_Work item_. Would you retype the line that contains "在航天展览馆核心展区,党员干" and all lines following it to the end of the entries below, exactly and without pictures?

++++ Data section ++++

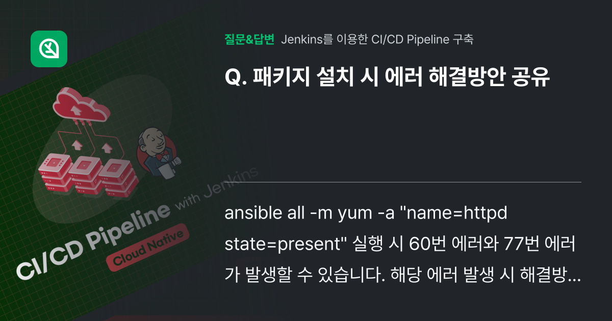 패키지 설치 시 에러 해결방안 공유 인프런 커뮤니티 질문 답변
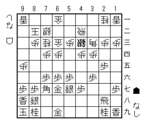 次はこの図から 79金84歩35歩同歩46銀 歩を突き捨ててから銀を出てみます。ここで36歩は後回しにして、34銀38飛45歩 このほうが自然でしょうか。35銀同銀同飛46歩に65歩 一気に決戦です。なお先手が78金の形も考えられますが、激しくなるならば79金のほうが…
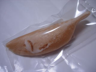 鮎の格好をした最中のようなものの中に、生姜と和三盆糖が入ったお菓子です。
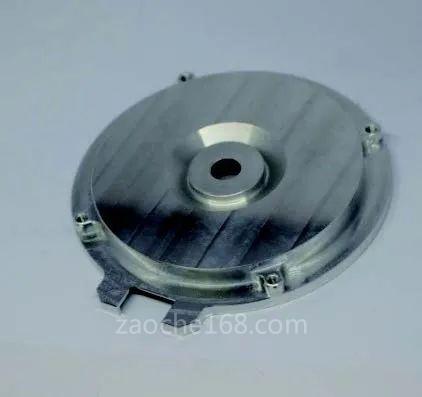 在設(shè)備處于待加工的狀態(tài)下,工作人員準備好所需工件,依照前述加工步驟和方法進行加工。根據(jù)要求加工完成后,使用精度測量工具對工件尺寸及精度進行檢測,均合格。盤式電動機殼體零件實物如圖2所示。
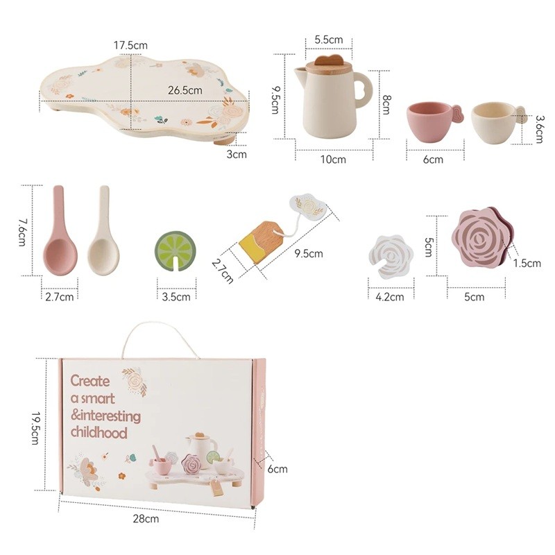 Această set de ceai Montessori din lemn pentru copii este alegerea ideală pentru micii iubitori de jocuri de gătit și servire. Copiii pot imita adulții în prepararea ceaiului, își pot dezvolta imaginația și învăța abilități sociale importante. Setul conține ceainic, două căni, tavă și două lingurițe, permițând copiilor să creeze situații realiste din viața de zi cu zi. Jucăria este potrivită atât pentru joacă independentă, cât și pentru momentele petrecute împreună cu prietenii sau părinții.
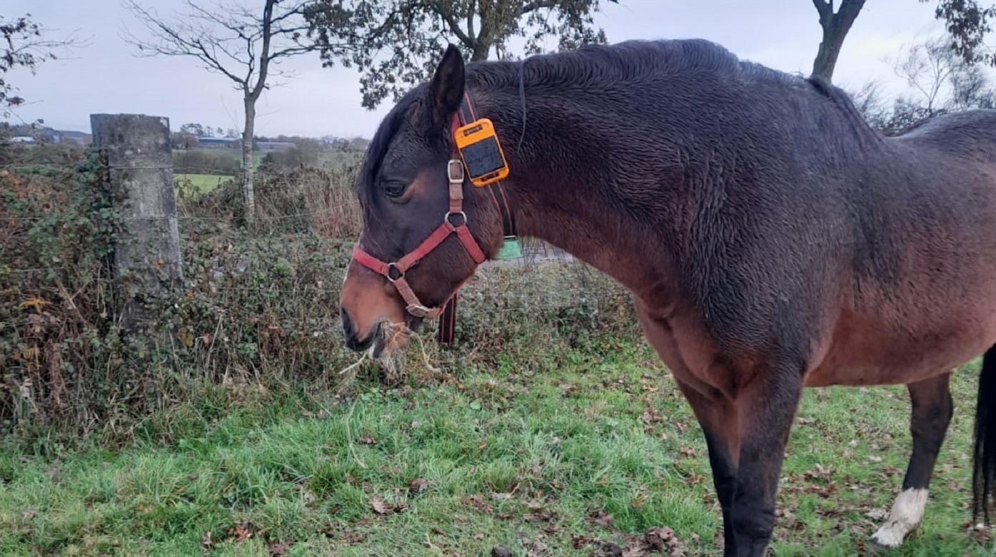 Un cabalo co dispositivo de monitorización RUMI de Innogando
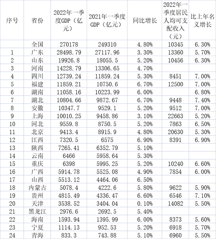 国家统计局4月18日公布了全国一季度主要经济数据之后,截至目前,已有24省份公布了当地的一季度经济运行情况。
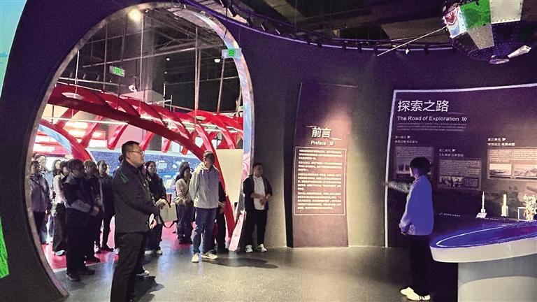 在航天展览馆核心展区,党员干部在讲解员的带领下全面了解了我国航天事业发展历程、重大科技成就及航天科技在民生领域的应用,并通过聆听理论宣讲,强化理论学习成效。
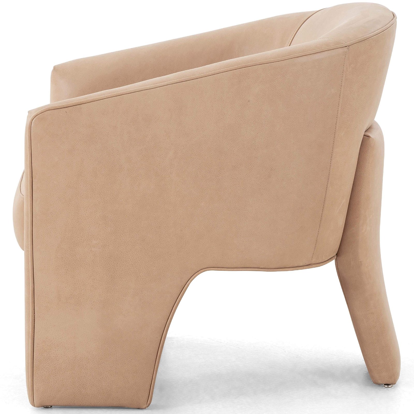 Well-tailored and stylistically unique, top grain leather lends a high-fashion feel to a cleverly constructed three-legged design.
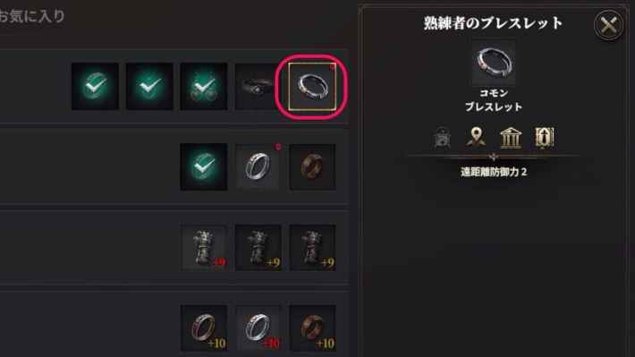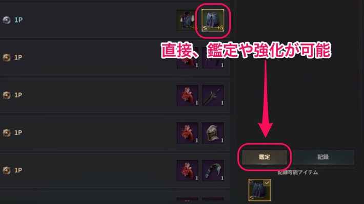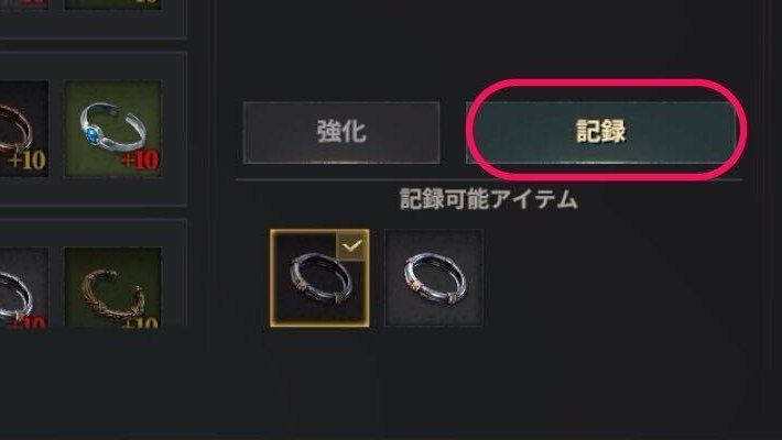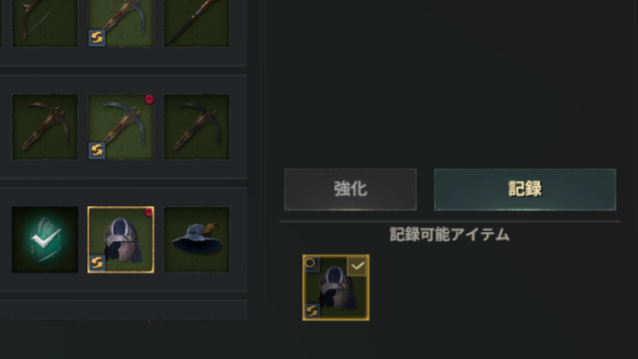 強化することで記録可能なアイテムがあると、アイテムアイコンが明るく表示されています。その場合は、アイテムをタップし、「鑑定」や「強化」を選択して直接強化してから記録することも可能です。
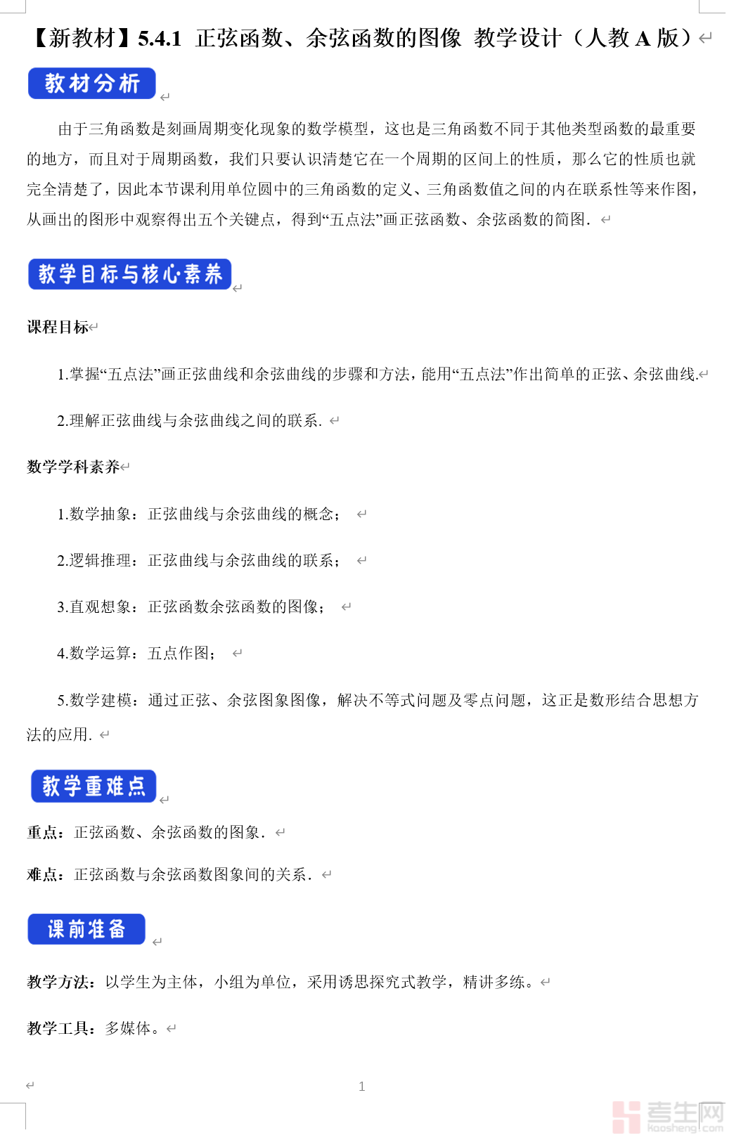 统编人教A版高中必修第一册《5.4 三角函数的图象与性质》名师精品教案教学设计.docx
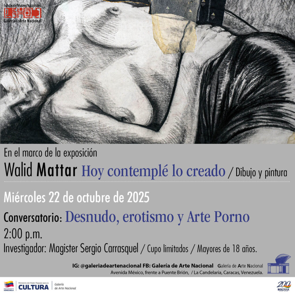 En el marco de la exposición “Hoy contemplé lo creado” del artista venezolano Walid Mattar, que se presenta actualmente en la Sala 1 de la Galería de Arte Nacional (GAN) bajo la curaduría de Fabiola Gámez, se llevarán a cabo una serie de actividades gratuitas los días 22, 25 y 26 de octubre de 2025, como parte de la programación que acompaña la muestra.
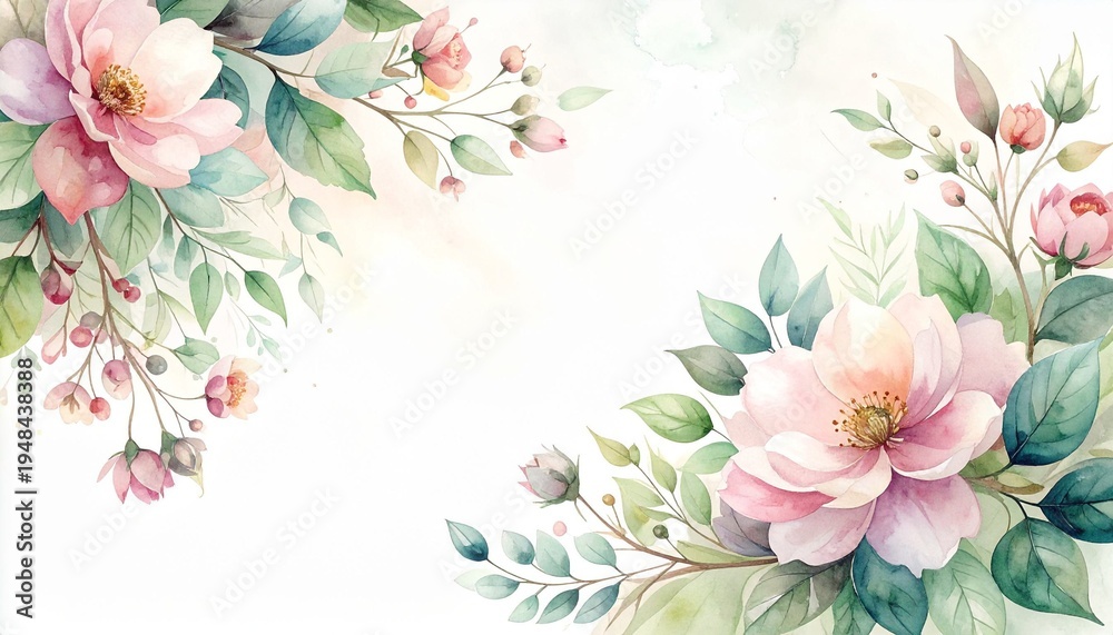 Horizontale Aquarell-blumenkomposition Als Dekorativer Banner Wallpaper Mural - Decorly Solutions | Decorly Solutions
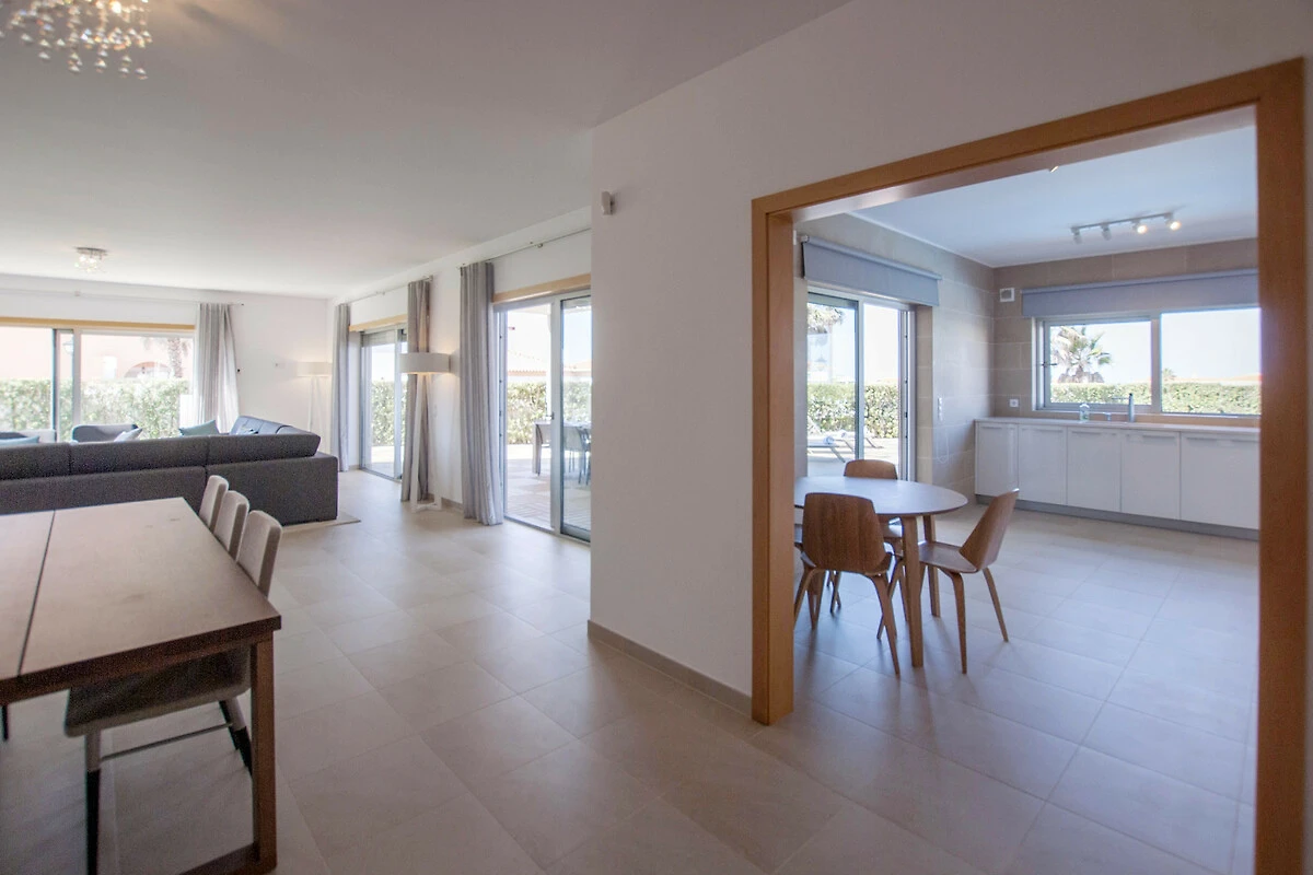 Alloggio di 230 m², posizionato in fronte mare e prima fila del campo di golf, con vista al giardino e alla piscina.

++++

_Final answer_.
 在航天展览馆核心展区,党员干部在讲解员的带领下全面了解了我国航天事业发展历程、重大科技成就及航天科技在民生领域的应用,并通过聆听理论宣讲,强化理论学习成效。
 Well-tailored and stylistically unique, top grain leather lends a high-fashion feel to a cleverly constructed three-legged design.
 強化することで記録可能なアイテムがあると、アイテムアイコンが明るく表示されています。その場合は、アイテムをタップし、「鑑定」や「強化」を選択して直接強化してから記録することも可能です。
 统编人教A版高中必修第一册《5.4 三角函数的图象与性质》名师精品教案教学设计.docx
 En el marco de la exposición “Hoy contemplé lo creado” del artista venezolano Walid Mattar, que se presenta actualmente en la Sala 1 de la Galería de Arte Nacional (GAN) bajo la curaduría de Fabiola Gámez, se llevarán a cabo una serie de actividades gratuitas los días 22, 25 y 26 de octubre de 2025, como parte de la programación que acompaña la muestra.
 Horizontale Aquarell-blumenkomposition Als Dekorativer Banner Wallpaper Mural - Decorly Solutions | Decorly Solutions
 Alloggio di 230 m², posizionato in fronte mare e prima fila del campo di golf, con vista al giardino e alla piscina.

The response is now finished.